When is a crash a crash and not a hang
The properties of a crash and a hang at either level are basically the same. A hang occurs
when a process or thread gets stuck waiting for something (usually a lock of some kind or
some software/hardware resource) to become free. Waiting for a lock or a resource is not
uncommon, but it is when that lock or resource does not become available that a hang
occurs.
It is also important to note that hangs can sometimes be diagnosed too early. For example, a
resource is very busy at a given time; a process or thread that needs to use that resource may
then have to wait an unusually long time for that resource to become free. A user may be
unaware that the resource is busy and only sees the process waiting, so he interprets that as
a hang when it is actually working as designed, albeit slowly.

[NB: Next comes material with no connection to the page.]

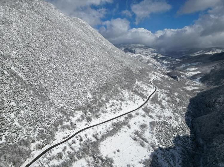 Küre Dağları Milli Parkı'nın Bartın’ın Ulus ilçesindeki bölümlerinde bin 300 rakıma ulaşan dağlarda, kar kalınlığı 50 santime yaklaştı. Her mevsim ayrı güzelliğe bürünen milli parkta kar yağışının durmasıyla güneş yeniden ortaya çıktı. Kış mevsiminin tüm güzelliklerini içinde barındıran milli parkta manzaralar hayran bıraktı. Milli parkın eteklerinde bulunan beyaz örtüyle kaplanan Drahna Vadisi’ndeki Ulukaya, Alıçlı, Çıraklar, Köklü, Çamdibi, Kozanlı, Aşağıdere, Yukarıdere köyleri ve eşsiz güzellikteki dağlar havadan dronla görüntülendi.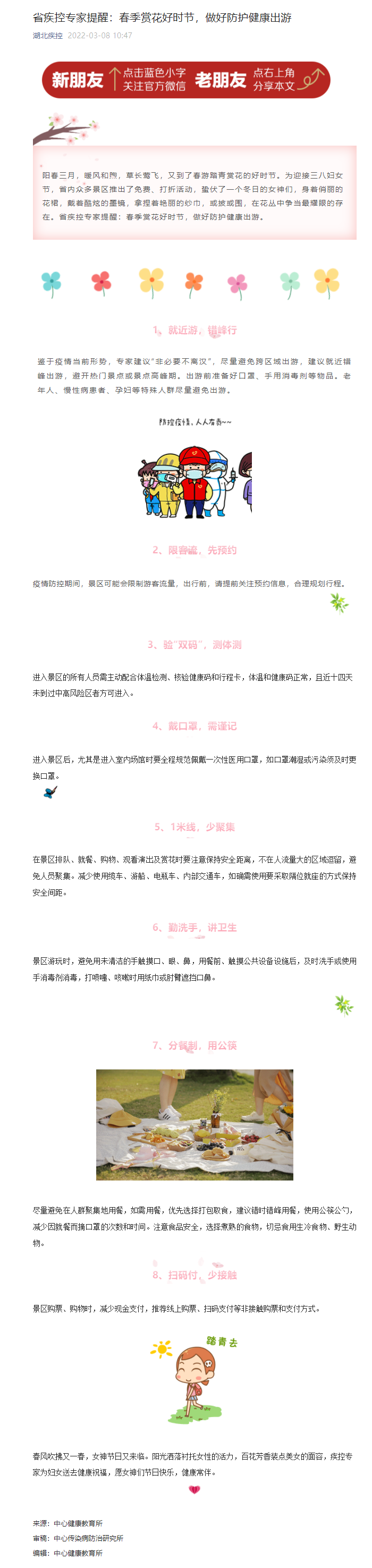 省疾控專家提醒:春季賞花好時節,做好防護健康出游

A crash is very different from a hang and occurs when an unexpected hardware or software
error occurs. When these errors occur, special error handling is hopefully invoked to dump out
diagnostic information and reports that will hopefully be useful to track down the cause of the
error. Crashes can be thought of as point-in-time problems that require post-mortem analysis,
and hangs can be thought of as real-time problems that one can analyze live.